Problem statement :: What is needed is the exact text of each line in the listing below from the one with "Uživajte v poletju" up to and including the one with "BAYLINER 2655 –", and no pictures.

Material provided ::
Segment Open

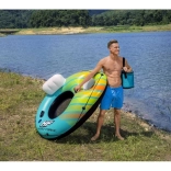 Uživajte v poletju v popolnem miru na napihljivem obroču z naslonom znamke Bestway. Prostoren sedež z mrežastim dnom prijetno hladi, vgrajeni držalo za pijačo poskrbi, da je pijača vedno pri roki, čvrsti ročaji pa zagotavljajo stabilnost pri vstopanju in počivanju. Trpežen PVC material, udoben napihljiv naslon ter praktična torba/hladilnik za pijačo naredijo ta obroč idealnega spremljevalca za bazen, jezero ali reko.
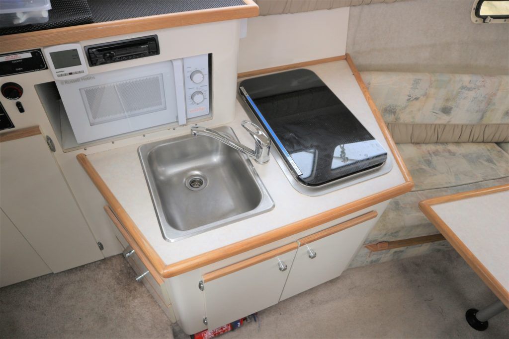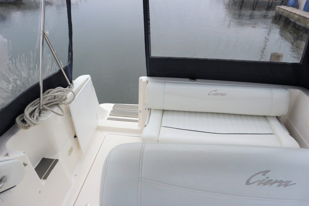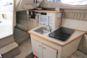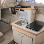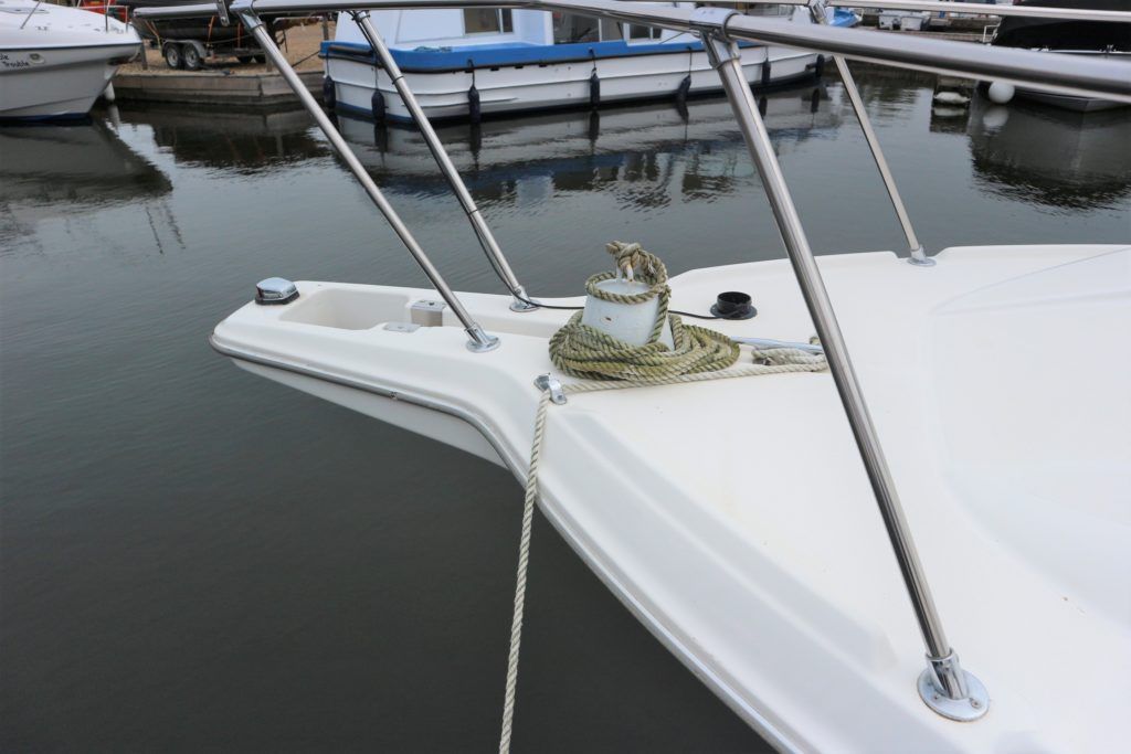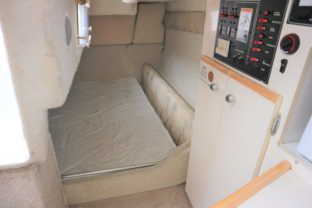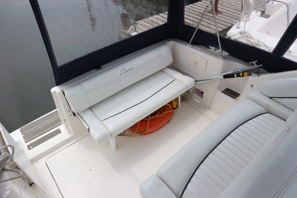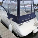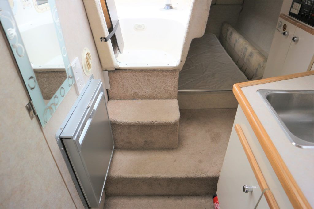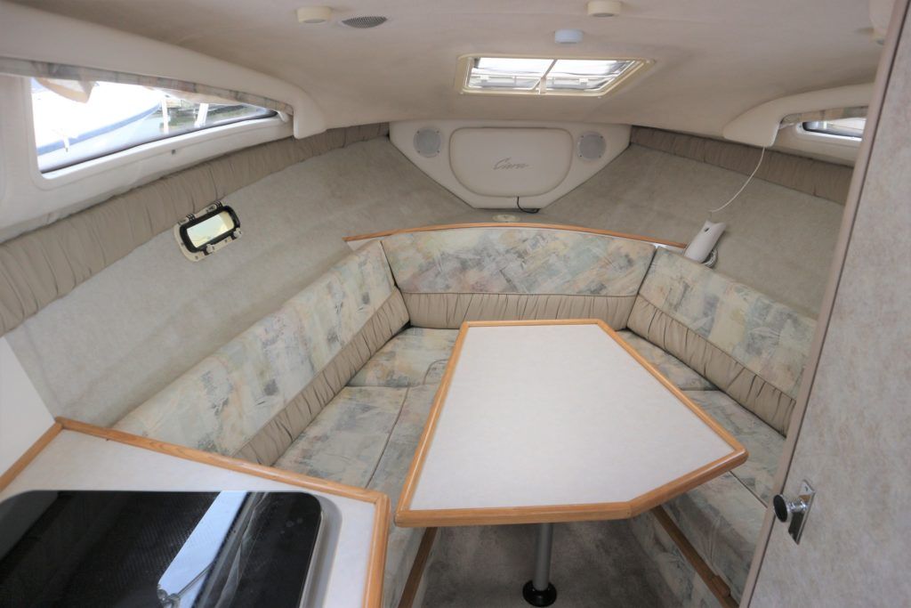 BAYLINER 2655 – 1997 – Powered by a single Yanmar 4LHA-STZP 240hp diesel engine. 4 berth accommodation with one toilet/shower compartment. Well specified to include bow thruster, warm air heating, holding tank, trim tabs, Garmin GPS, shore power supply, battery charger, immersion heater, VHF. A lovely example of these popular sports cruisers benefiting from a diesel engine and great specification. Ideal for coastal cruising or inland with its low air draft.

Segment Closed
Segment Open

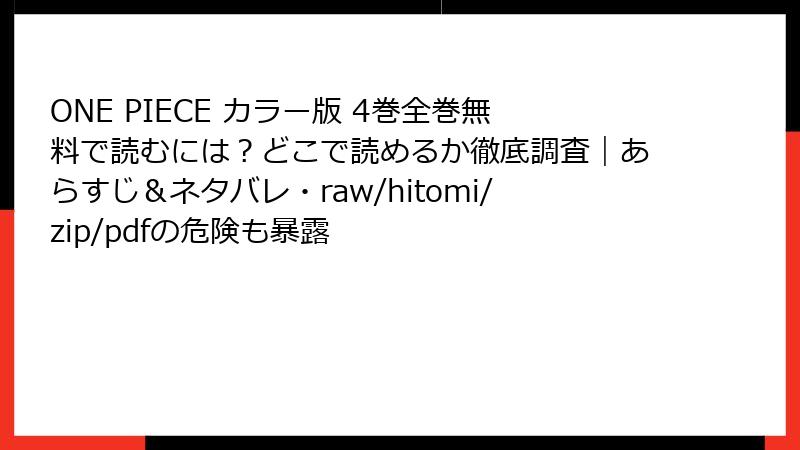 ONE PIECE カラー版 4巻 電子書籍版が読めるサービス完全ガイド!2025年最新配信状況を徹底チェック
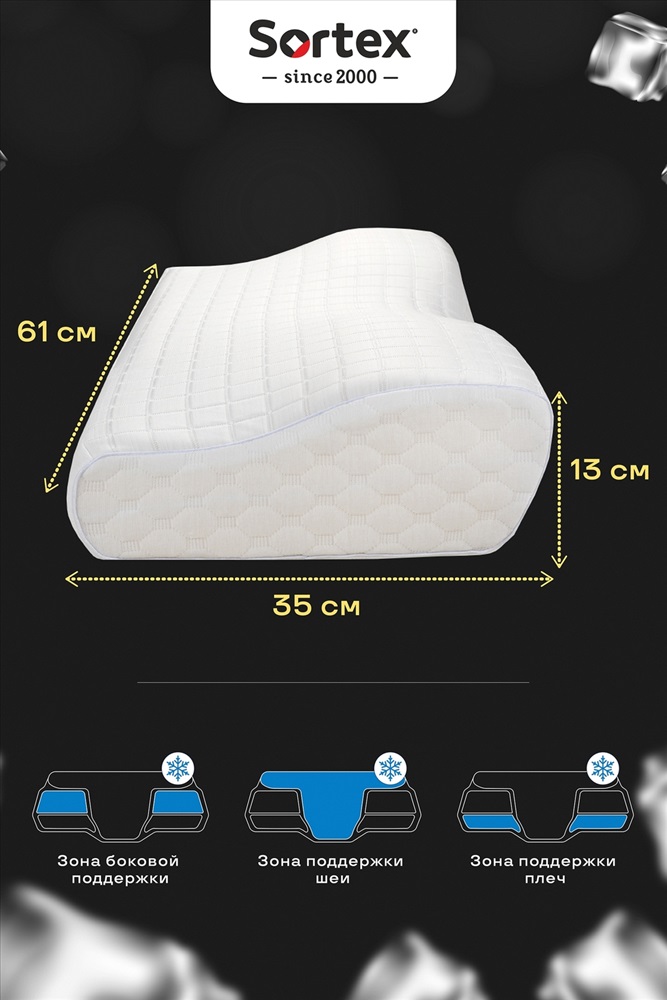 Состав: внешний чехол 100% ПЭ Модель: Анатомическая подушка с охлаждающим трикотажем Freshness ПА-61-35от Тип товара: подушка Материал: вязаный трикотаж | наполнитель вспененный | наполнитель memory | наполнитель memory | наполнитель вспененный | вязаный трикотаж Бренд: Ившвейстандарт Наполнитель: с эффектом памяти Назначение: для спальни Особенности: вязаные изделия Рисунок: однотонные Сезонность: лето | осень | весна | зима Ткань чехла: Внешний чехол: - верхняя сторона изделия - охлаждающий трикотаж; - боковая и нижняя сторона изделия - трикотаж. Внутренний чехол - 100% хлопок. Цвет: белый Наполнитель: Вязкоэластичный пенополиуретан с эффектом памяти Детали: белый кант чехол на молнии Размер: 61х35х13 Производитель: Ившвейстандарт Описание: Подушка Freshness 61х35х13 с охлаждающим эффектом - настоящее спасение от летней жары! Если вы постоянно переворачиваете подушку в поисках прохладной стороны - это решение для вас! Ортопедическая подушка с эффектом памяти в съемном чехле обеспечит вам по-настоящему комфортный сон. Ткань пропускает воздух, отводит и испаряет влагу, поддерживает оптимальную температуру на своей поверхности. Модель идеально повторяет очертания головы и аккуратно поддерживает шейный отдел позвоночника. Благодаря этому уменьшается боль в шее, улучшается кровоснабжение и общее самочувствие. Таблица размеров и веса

Segment Closed
Segment Open

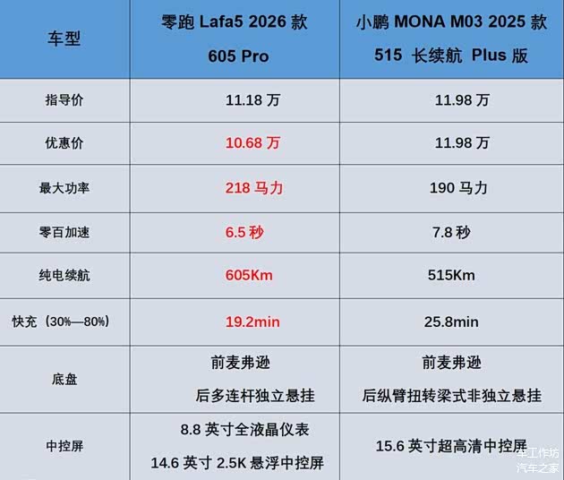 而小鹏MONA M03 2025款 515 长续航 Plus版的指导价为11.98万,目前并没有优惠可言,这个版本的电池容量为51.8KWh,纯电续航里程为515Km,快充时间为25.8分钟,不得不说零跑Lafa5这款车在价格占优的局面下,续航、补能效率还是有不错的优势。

Segment Closed

Solution ::
 Uživajte v poletju v popolnem miru na napihljivem obroču z naslonom znamke Bestway. Prostoren sedež z mrežastim dnom prijetno hladi, vgrajeni držalo za pijačo poskrbi, da je pijača vedno pri roki, čvrsti ročaji pa zagotavljajo stabilnost pri vstopanju in počivanju. Trpežen PVC material, udoben napihljiv naslon ter praktična torba/hladilnik za pijačo naredijo ta obroč idealnega spremljevalca za bazen, jezero ali reko.
 BAYLINER 2655 – 1997 – Powered by a single Yanmar 4LHA-STZP 240hp diesel engine. 4 berth accommodation with one toilet/shower compartment. Well specified to include bow thruster, warm air heating, holding tank, trim tabs, Garmin GPS, shore power supply, battery charger, immersion heater, VHF. A lovely example of these popular sports cruisers benefiting from a diesel engine and great specification. Ideal for coastal cruising or inland with its low air draft.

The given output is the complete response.